Source material:
_ _ _
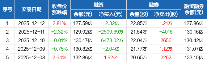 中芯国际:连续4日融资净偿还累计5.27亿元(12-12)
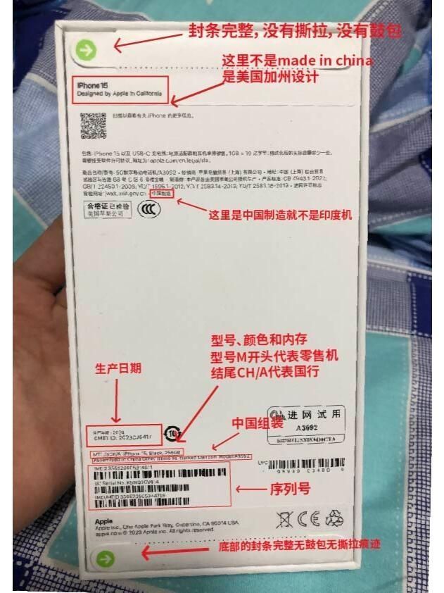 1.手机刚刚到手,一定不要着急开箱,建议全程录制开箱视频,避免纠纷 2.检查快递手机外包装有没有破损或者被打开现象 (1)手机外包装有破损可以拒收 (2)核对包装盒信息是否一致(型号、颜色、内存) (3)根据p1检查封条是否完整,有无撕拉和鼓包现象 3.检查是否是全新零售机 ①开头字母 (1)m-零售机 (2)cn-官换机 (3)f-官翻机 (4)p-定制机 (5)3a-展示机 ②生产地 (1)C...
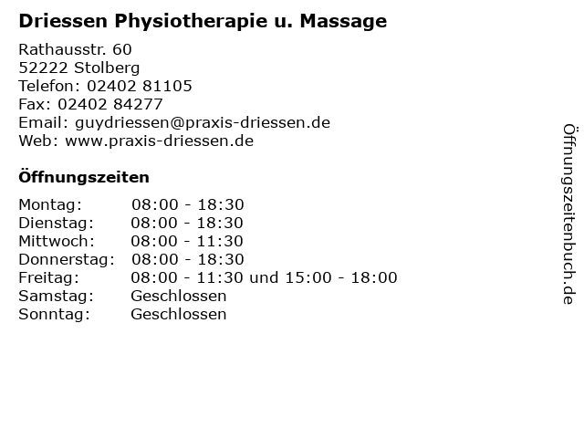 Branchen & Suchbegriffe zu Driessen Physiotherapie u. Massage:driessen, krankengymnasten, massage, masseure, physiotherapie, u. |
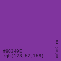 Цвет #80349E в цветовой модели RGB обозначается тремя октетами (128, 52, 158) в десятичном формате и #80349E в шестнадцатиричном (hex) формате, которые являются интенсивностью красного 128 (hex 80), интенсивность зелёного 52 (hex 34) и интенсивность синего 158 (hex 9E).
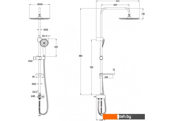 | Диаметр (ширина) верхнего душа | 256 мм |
_ _ _
Problem statement: For the data above, return an exact copy that contains no pictures.

Written solution:
 中芯国际:连续4日融资净偿还累计5.27亿元(12-12)
 1.手机刚刚到手,一定不要着急开箱,建议全程录制开箱视频,避免纠纷 2.检查快递手机外包装有没有破损或者被打开现象 (1)手机外包装有破损可以拒收 (2)核对包装盒信息是否一致(型号、颜色、内存) (3)根据p1检查封条是否完整,有无撕拉和鼓包现象 3.检查是否是全新零售机 ①开头字母 (1)m-零售机 (2)cn-官换机 (3)f-官翻机 (4)p-定制机 (5)3a-展示机 ②生产地 (1)C...
 Branchen & Suchbegriffe zu Driessen Physiotherapie u. Massage:driessen, krankengymnasten, massage, masseure, physiotherapie, u. |
 Цвет #80349E в цветовой модели RGB обозначается тремя октетами (128, 52, 158) в десятичном формате и #80349E в шестнадцатиричном (hex) формате, которые являются интенсивностью красного 128 (hex 80), интенсивность зелёного 52 (hex 34) и интенсивность синего 158 (hex 9E).
 | Диаметр (ширина) верхнего душа | 256 мм |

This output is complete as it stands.